Augmentative release of natural enemies, particularly parasitoids, is one of the most widely used approaches to pest biological control in annual crops and greenhouses (van Lenteren and Bueno 2003; Hoy 2008; Amadou et al. 2019; Bueno et al. 2020; Kazak et al. 2020). It is also commonly applied to control resurgent pests resulting from disruptions of natural enemy populations by seasonal factors and harvesting activities (Hajek and Eilenberg 2018; Stenberg et al. 2021) or insecticide applications (Coppel and Mertins 1977; DeBach and Rosen 1991). Evidence shows that adult host feeding is important for synovigenic parasitoids (Jervis and Kidd 1986; Giron et al. 2004; Burger et al. 2005; Jervis et al. 2008; Kapranas and Luck 2008; Liu et al. 2015; Benelli et al. 2017; Hanan et al. 2017; Gebiola et al. 2018), and supplementary adult diets such as honey and honeydew (Bezemer et al. 2005; Wade et al. 2008; Hossain and Haque 2015; Benelli et al. 2017; Dong et al. 2018; Picciau et al. 2019) and yeast (Bartlett 1964; Heimpel and Rosenheim 1995) can increase parasitoid fecundity and longevity. Therefore, provision of adult parasitoid diets before release can not only improve parasitoids’ ability to establish at release sites (Tena et al. 2017; Stahl et al. 2019) but also increase their biological control effectiveness after release (Hougardy et al. 2005; Hougardy and Mills 2006, 2007; Benelli et al. 2017).

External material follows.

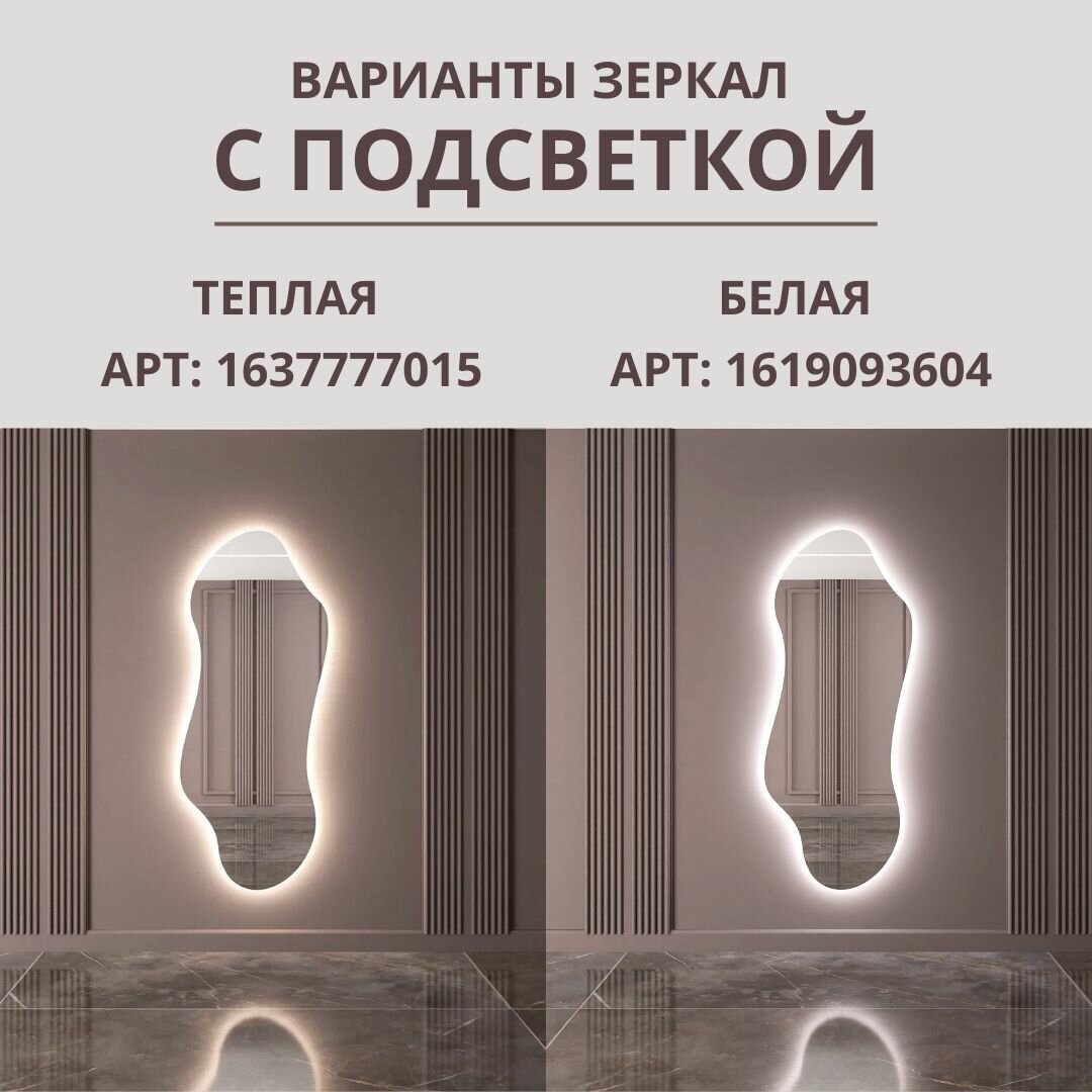 Ниже Вы можете прочитать отзывы на Бесформенное гримерное зеркало ассиметричной формы 170х70 без подсветки, ознакомится с подробными характеристиками, посмотреть интересные обзоры и фотографии на Бесформенное гримерное зеркало ассиметричной формы 170х70 без подсветки.
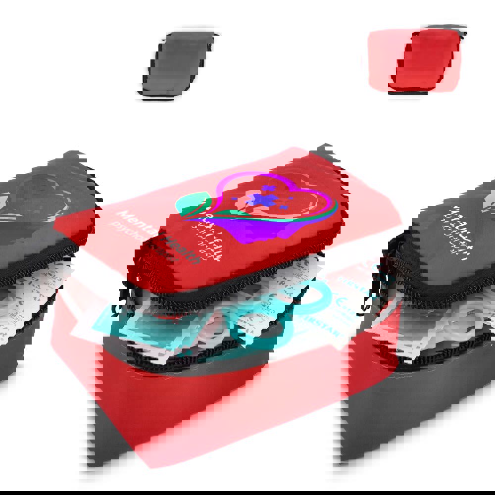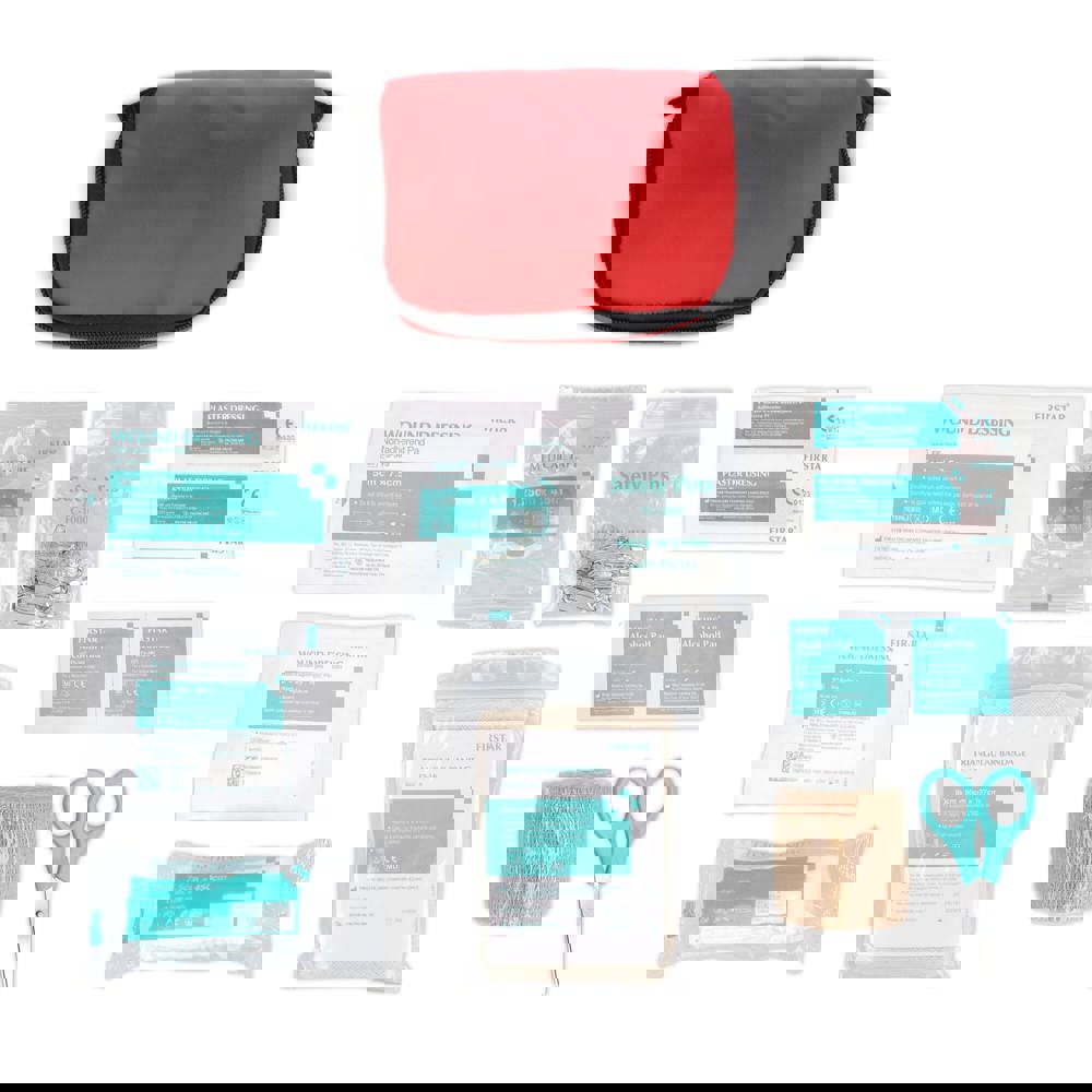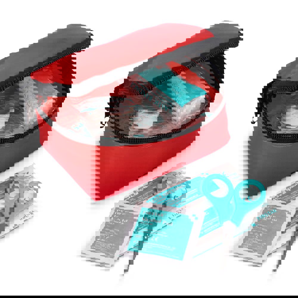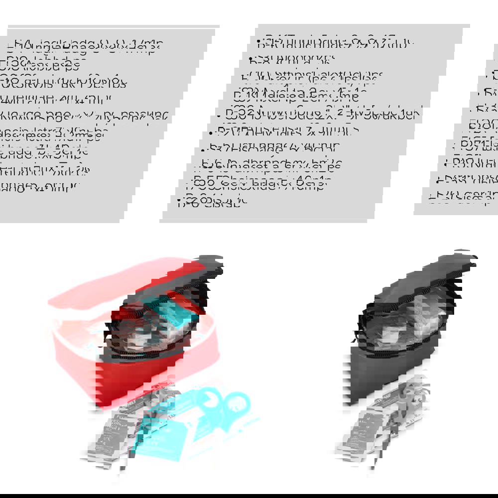 This first aid kit comes in a nylon bag with Velcro straps underneath, allowing it to be attached to a bicycle handle or carried on the wrist. Compliant with European standards, it is ideal for cycling, hiking, or other outdoor activities. Compact and practical, it contains essentials for treating minor injuries and sprains. Contents: 1 × triangular bandage 90 × 90 × 127 cm, 2 × alcohol pads, 1 × pack of 10 safety pins, 1 × medical tape 1.25 cm × 4.5 m, 1 × pack of 5 non-woven sponges 2" × 2" 4-ply, 5 × adhesive plasters 72 × 19 mm, 1 × elastic bandage 7.5 × 450 cm, 2 × non-adherent pads 5 × 7.5 cm, 1 × cohesive bandage 5 × 450 cm, 1 × scissors.

Several studies report that adult diets can change parasitoids’ lifetime oviposition patterns (Bai and Smith 1993; Wade et al. 2008; Hill et al. 2020). This suggests that we may be able to modify parasitoids’ lifetime oviposition trajectory by tailoring their adult diets before release to achieve effective augmentative biological control under different circumstances. For example, when the pest population density is high, we may aim to achieve quick pest suppression (Karacaoğlu et al. 2018) where the parasitoids are expected to perform maximum host killing through host feeding and parasitization immediately after release. When the pest population density is low, we may want to delay their oviposition peaks and flatten their oviposition curves (Stahl et al. 2019) where the released parasitoids are expected to spread their oviposition and host feeding more evenly or move these activities toward their later life. Nevertheless, it is not clear how alteration of timing and type of diets provided for adult parasitoids before release can change their life history traits towards our advantage. It is also unclear whether such manipulation would compromise their overall pest killing ability in terms of fecundity and host feeding. This knowledge is crucial for the development of successful augmentative biological control programs using parasitoids.

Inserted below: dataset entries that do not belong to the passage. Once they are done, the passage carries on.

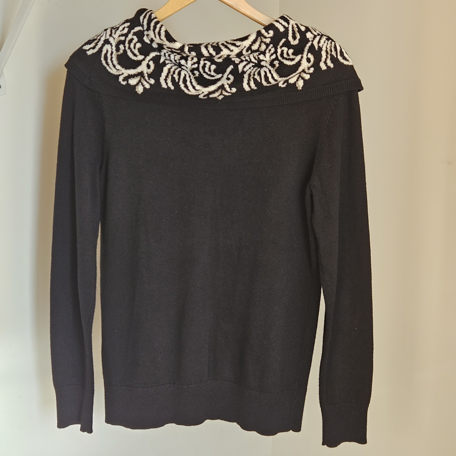 как выглядит Charter Club Womens Medium Cowl Neck Cotton Blend Sweater Black White Gold фото
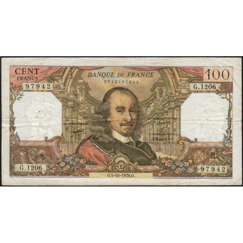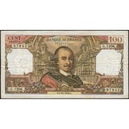F 65-63 - 05/10/1978- 100 francs - Corneille - Série G.1206 - Etat : TB
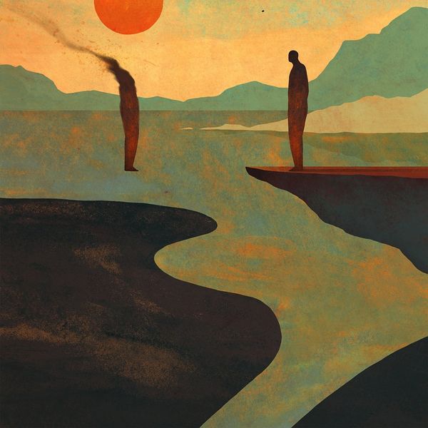Owen Gent made this image, Lumen Counselling - Identity, sometime in the 20th Century, and it looks like it was made digitally, probably using something like Photoshop or Procreate. The colours have a limited palette, and the artist creates a sense of depth using flat planes of colour. I love how the figures are both present and absent - solid blocks of colour with a curious lack of detail in their faces. The surface of the piece feels quite dry and papery, a bit like old tempera paint. There’s a curious ghost-like figure hovering in the background, and an abandoned pair of trousers in the foreground! These elements made me think of Giorgio de Chirico and his metaphysical paintings, which aimed to evoke a sense of mystery and alienation. Gent’s piece isn't quite as unsettling as a de Chirico, but both embrace ambiguity, leaving space for our own interpretations and emotional responses.

The tomato-potato psyllid (TPP), Bactericera cockerelli (Šulc) (Hemiptera: Triozidae), is a severe invasive pest of solanaceous crops such as potatoes, tomatoes, eggplants and peppers in the USA, Mexico and New Zealand (Cranshaw 1994; Teulon et al. 2009; Crosslin et al. 2010; Butler and Trumble 2012; Rojas et al. 2015), causing significant economic losses. It has also invaded Australia, Canada and Central and South America where its economic importance is under evaluation (FAO 2017; WADPIRD 2018; Castillo Carrillo et al. 2019; Olaniyan et al. 2020). Tamarixia triozae (Burks) (Hymenoptera: Eulophidae) is an important synovigenic parasitoid of TPP (Bravo and López 2007; Rojas et al. 2015; Yang et al. 2015). It kills the pest by both host feeding and parasitization (Martinez et al. 2015). However, it is still unknown how provision of different adult diets and temporary deprivation of hosts could affect reproductive fitness and lifetime feeding and oviposition patterns in T. triozae. This information is of vital importance for development of strategies to optimize augmentative biological control of TPP using T. triozae.

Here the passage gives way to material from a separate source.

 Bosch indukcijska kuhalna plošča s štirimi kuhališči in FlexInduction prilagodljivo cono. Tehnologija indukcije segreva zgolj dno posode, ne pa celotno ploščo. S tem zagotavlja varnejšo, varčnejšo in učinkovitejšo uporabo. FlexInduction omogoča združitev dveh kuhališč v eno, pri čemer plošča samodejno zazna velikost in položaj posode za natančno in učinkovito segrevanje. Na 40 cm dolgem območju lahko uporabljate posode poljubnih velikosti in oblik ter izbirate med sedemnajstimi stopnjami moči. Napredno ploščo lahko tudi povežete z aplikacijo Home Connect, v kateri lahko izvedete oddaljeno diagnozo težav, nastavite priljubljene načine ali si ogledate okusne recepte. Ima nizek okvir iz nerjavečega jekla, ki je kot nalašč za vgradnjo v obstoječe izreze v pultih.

In the present study, we tested the effects of adult diets with or without temporary host deprivation on survival, lifetime fecundity, host feeding, oviposition patterns and life table parameters in T. triozae. Knowledge presented in this work could help enhance the success of augmentative biological control using T. triozae.

Materials and methods

Insects

We obtained B. cockerelli and T. triozae from BioForce Limited, Auckland, New Zealand, and established the colonies in the laboratory. We maintained the psyllid colony on five two-month-old bell pepper plants, each of which was grown in a pot (9.5 cm in height × 10.5 cm in top diameter × 8.5 cm in bottom diameter) with potting mix. The potted plants were placed in an aluminium-framed cage (43 × 42 × 40 cm) with a fine metal mesh (aperture size = 0.25 × 0.25 mm) on the back and both sides and Perspex on the top and front and aluminium alloy on the bottom. We kept the parasitoid colony on the 3rd–5th instar psyllid nymphs feeding on five potted plants in another aluminum-framed cage of the same size. We provided 10% honey solution in a plastic tube (7.5 cm in length × 1 cm in diameter) fitted with cotton wick (3.5 cm in length × 1 cm in diameter) for parasitoid adults as supplementary food in the cage. To ensure the psyllid colony was parasite-free for experiments, we kept psyllid and parasitoid colonies separate in two climate rooms at 25 ± 1 °C, 40–60% RH and a L:D 14:10 photoperiod. We carried out all experiments under the above environmental conditions.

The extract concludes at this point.